When, at last, we emerge at the top, Dr. Jeelani is encouraged. Much greater expanses of the glacier are revealed, saddled around Kolahoi peak and descending the other side. Although it is still overwhelmingly ablation, there are small accumulation areas tucked into the higher defiles, clinging on in patches of permanent shadow. The glacier’s prospects are still grim, but it looks more hopeful from a scientific point of view. These accumulation areas, though few and far between, can provide a reference point against which Kolahoi’s decline can be measured, analysed and eventually understood.
Until the data is in, of course, no scientist can say for sure what’s causing Kolahoi to melt, or how long it realistically has left. But it’s clearly part of a wider pattern: a microcosm of what’s happening right across the range, a region that stretches from Pakistan to China. Remote sensing tells us that the glaciers of the Himalayas are melting at a faster rate than anywhere else in the world. The Himalayas contain the largest reserves of fresh water outside the polar ice-caps, feeding seven great Asian rivers and regulating water supplies for half a billion people. The humanitarian threat is twofold: an initial massive increase in floods as water is released much more quickly than before, followed by unprecedented droughts as the great rivers run dry.
“The first effect of global warming is on water,” Dr. Jeelani explains as we descend towards the gushing river, milky with sediment from the melting ice. “And Kolahoi is the only permanent source of water for Kashmir. After the snow melts in May or June, that water source is exhausted. What is left? The glacier only. If Kolahoi is not here, if it permanently disappears, there will be no surface water in late summer – even the groundwater will be affected. In a few years, this could go from being a water-rich area to an area of water stress.”
Having seen the lushness of the valley, I find this hard to comprehend. Kashmir is famed for its beauty and fertility; the first thing any Kashmiri will tell you is that this is “Paradise on Earth.” With its cool and shaded Moghul Gardens, lakes and flower-laden shikara boats, its orchards of apples and apricots and abundance of rice and saffron, it’s a stark contrast from neighbouring Ladakh: a virtual moonscape of barren mountains and high-altitude desert. This, of course, is one of the reasons the valley has been so bitterly fought over. But all this beauty depends on water, and the water depends on Kolahoi. It seems painfully clear this “Paradise” might not last much longer.
But why, I ask, if the threat is so serious, is the government not paying more attention? “We are doing this on our own,” shrugs the Professor, “the government are hardly bothered.” “It has not truly affected people yet,” Dr. Jeelani adds. “Only for a couple of years, there have been some problems. When it starts affecting millions of people, then the government might take notice.”
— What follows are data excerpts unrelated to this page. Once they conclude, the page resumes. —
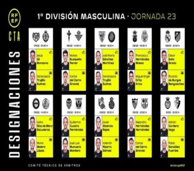 赛前西甲官方公布了本轮各场比赛的裁判安排。格拉多将会执法马德里德比,而塞维利亚主场迎战巴萨的主场是埃尔南德斯-埃尔南德斯。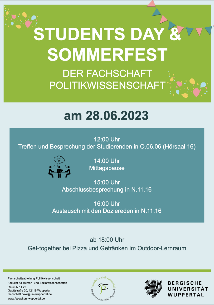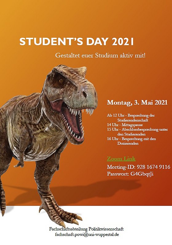 Der Student's Day der Politikwissenschaft wird jährlich von der Fachschaftsabteilung Politikwissenschaft organisiert. Die Dozierenden der Politikwissenschaft stellen die Studierenden an diesem Tag i. d. R. von den Veranstaltungen frei, sodass eine Teilnahme für alle Interessierten ermöglicht werden kann.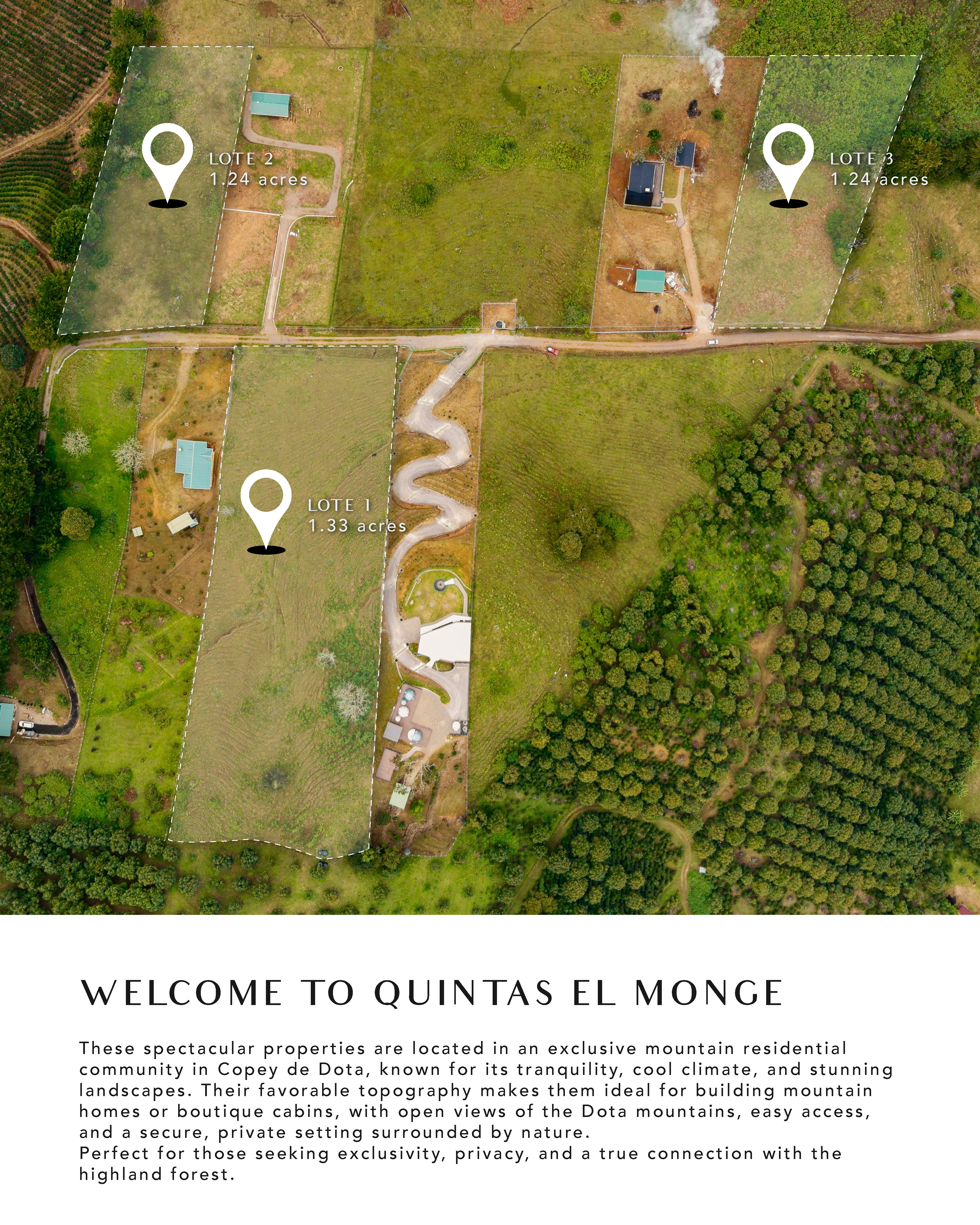 Enjoy open views toward the Dota mountains, convenient access via a fully passable road, and a privileged location within a secure and private residential project surrounded by nature.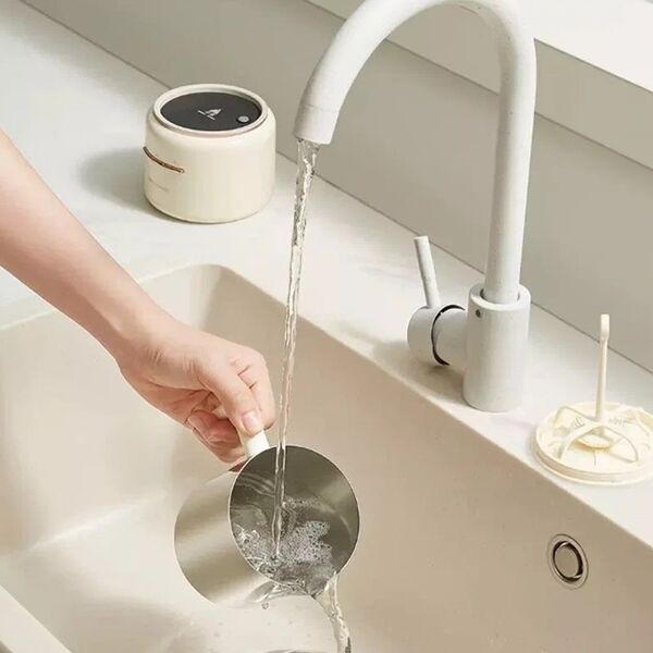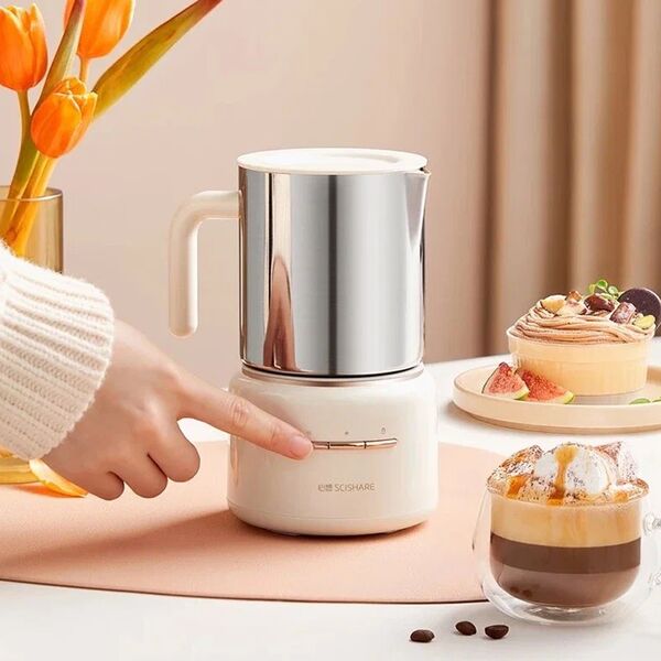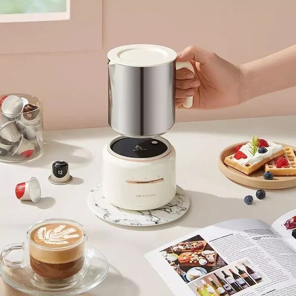 Устройство предназначено для вспенивания и подогрева молока. Максимальный объем жидкости для нагрева – 250 мл, для получения пены – 150 мл. На корпусе находятся механические кнопки управления. Три режима работы: горячая пенка, холодная пенка, подогрев молока.
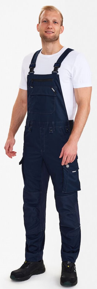 Dehnbare, funktionelle Latzhose mit schmaler Passform und vielen praktischen Details. Ergonomisch geformte Knie und Panel an der Innennaht für noch mehr Tragekomfort. Das Stretchgewebe macht die Hose bequem, zudem sorgen Einsätze aus extrem dehnbarem, atmungsaktivem Material in Kniekehlen und Innennaht- Zwickel für extra hohen Tragekomfort. Elastisch an den Seiten für bessere Passform. Breites, elastisches Rückenteil und verstellbare Träger. Reißverschlusstasche am Latz sowie Außentasche am Latz mit Patte. Die Außentasche am Latz hat Fächer (z. B. für Stifte). Unter der Taschenpatte befindet sich eine Schlaufe mit D-Ring zur Befestigung einer ID-Karte. Knöpfe zur einfachen Befestigung von Holstertaschen (9360-307) Zwei geräumige, schräg sitzende Einschubtaschen vorne. Zwei Gesäßtaschen mit Patte. Handytasche mit Patte am rechten Oberschenkel. Links sitzt eine Schenkeltasche mit Patte. Die Schenkeltasche besitzt ein zusätzliches Fach mit Reißverschluss. Verstärkte Zollstocktasche mit zusätzlichen Fächern und Werkzeugschlaufen. Schenkeltasche und Zollstocktasche mit freihängendem Boden gewähren optimale Bewegungsfreiheit. Knieverstärkung/Knietasche mit Klettverschluss unten und mit zwei Einstellmöglichkeiten für höhenverstellbare Knieschutzkissen. Verstärkter Saum der Hosenbeine für extra hohe Verschleißfestigkeit. Gute Sichtbarkeit durch Reflexpaspeln mittig hinten auf den Hosenbeinen. Extra breiter Hosenaufschlag ermöglicht bei Bedarf eine Verlängerung der Schrittlänge. Für die Verlängerung der Schrittlänge ist bloß ein Saum aufzutrennen, dahinter kommt ein zusätzlicher Saum zum Vorschein.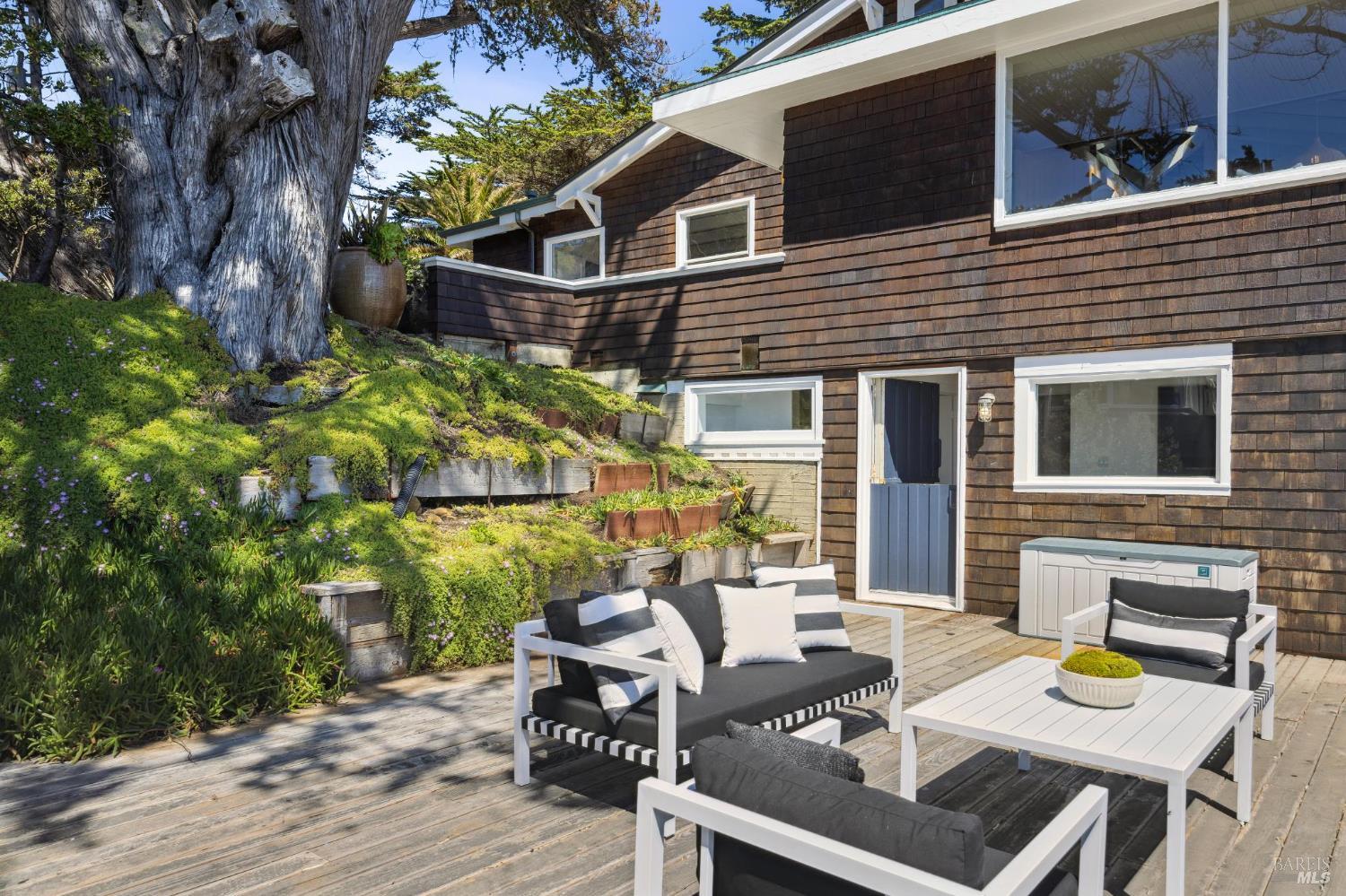 This isn't just a home, it's a front-row seat to California's most iconic coastal lifestyle, wrapped in history, creativity, and rare exclusivity. Welcome to 99 Brighton, an extraordinary opportunity to own a share of one of Northern California's most legendary oceanfront estates. Offered for the first time ever, three 1/4 ownership shares invite you to step into a legacy property that has long served as a sanctuary for artists, visionaries, and those seeking something truly special. Set along nearly 400 feet of pristine Pacific coastline in the coveted enclave of Bolinas, this private, gated retreat captures the essence of effortless coastal living just moments from San Francisco. The setting is nothing short of breathtaking - sweeping views stretch from Stinson Beach across the horizon and up the rugged Bolinas coastline, with the city skyline shimmering in the distance. Previously owned by Jefferson Starship's Grace Slick, the property reflects a rich cultural legacy, having hosted icons like Jerry Garcia and David Crosby. The spirit of creativity still lingers, most notably in the expansive family room, once home to late-night jam sessions and musical collaboration that helped shape an era. The grounds are equally unforgettable: a rare, guitar-shaped pool, sprawling flat lawn, hot tub, sauna, and multiple decks and patios designed for front-row views of the crashing surf below. Every room is oriented toward the ocean, immersing you in the rhythm and beauty of the coast. This is more than a residence, it's a legacy offering, a lifestyle, and a chance to own a meaningful piece of California history. Opportunities like this don't just come along - they're passed down.

By then, he does not need to add, it will be far too late.
Down below, our camp is cleared, the ponies packed for the journey home. We’re leaving Kolahoi for now, descending to softer, greener country and irrigated fields. Before we depart, I try to imagine how this valley looked just a decade ago, when the rocks that litter the ground at my feet were still suspended in ice. Ten years before that, the glacier’s snout reached even further down the valley. And if, by chance, I return in ten more years – perhaps through a valley whose rivers are dry, its gardens and orchards wilted – then the ice will be gone altogether, leaving only rock.